Thesaurus Construction and its Role in Indexing

0
6

Thesaurus


1.1 Introduction:

A thesaurus is a representation of keywords associated with a subject domain(s). It is also known as a tool for vocabulary control that guides indexers as well as end users to know the use of terms and helps in improving the quality of search results. Generally, a thesaurus is designed for indexing and subsequent retrieval of documents in a specific subject domain. Examples of subject areas covered by thesauri are ERIC for education resources, macro-thesaurus for economic resources, GESIS thesaurus for social science, legal thesaurus developed by R.L. Burton, etc. Theasurus Construction

Thesaurus plays an important role in the organization of information and its subsequent retrieval. According to Aitchison et al. (2000), the primary role of the thesaurus is information retrieval. Information retrieval is one of the most important aspects of librarianship as it deals with the needs of end users of the library.

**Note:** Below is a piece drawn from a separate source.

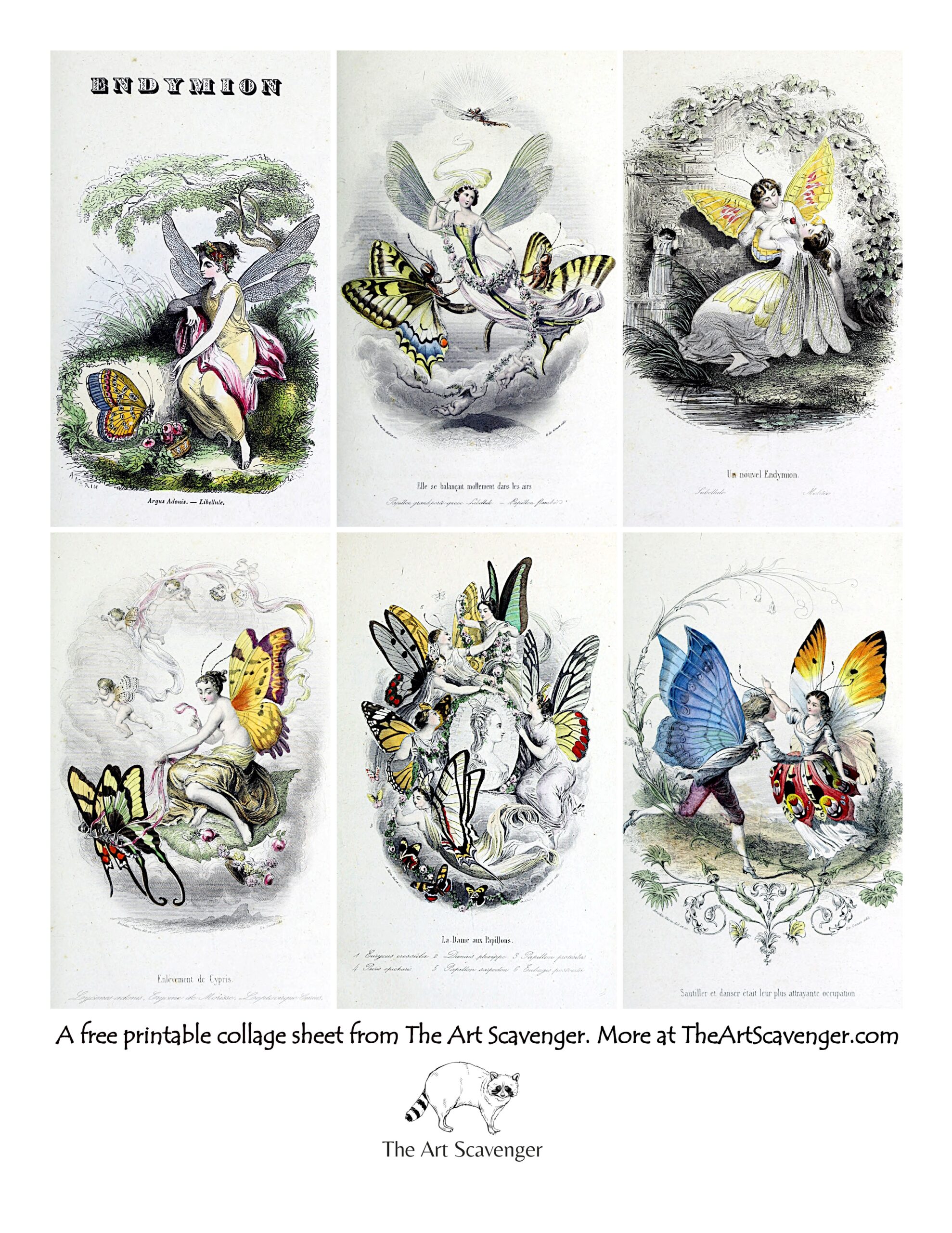 Free Printable French Butterfly Fairies Collage Sheets The Art Scavenger

1.2 Composition of Thesaurus:

A thesaurus provides different types of information for indexers as well as for end users. A thesaurus will comprise of terminologies which are used for describing terms and semantic relations with each other. These terms are preferred terms/descriptors, non-preferred terms/non-descriptors, related terms, narrow terms(NT), broad terms(BT), USE and Used For(UF), etc,. For effective use of thesaurus while indexing documents and allocating appropriate keywords one has to have a clear understanding of relations in it. An attempt has been made to define all the relations used in a thesaurus.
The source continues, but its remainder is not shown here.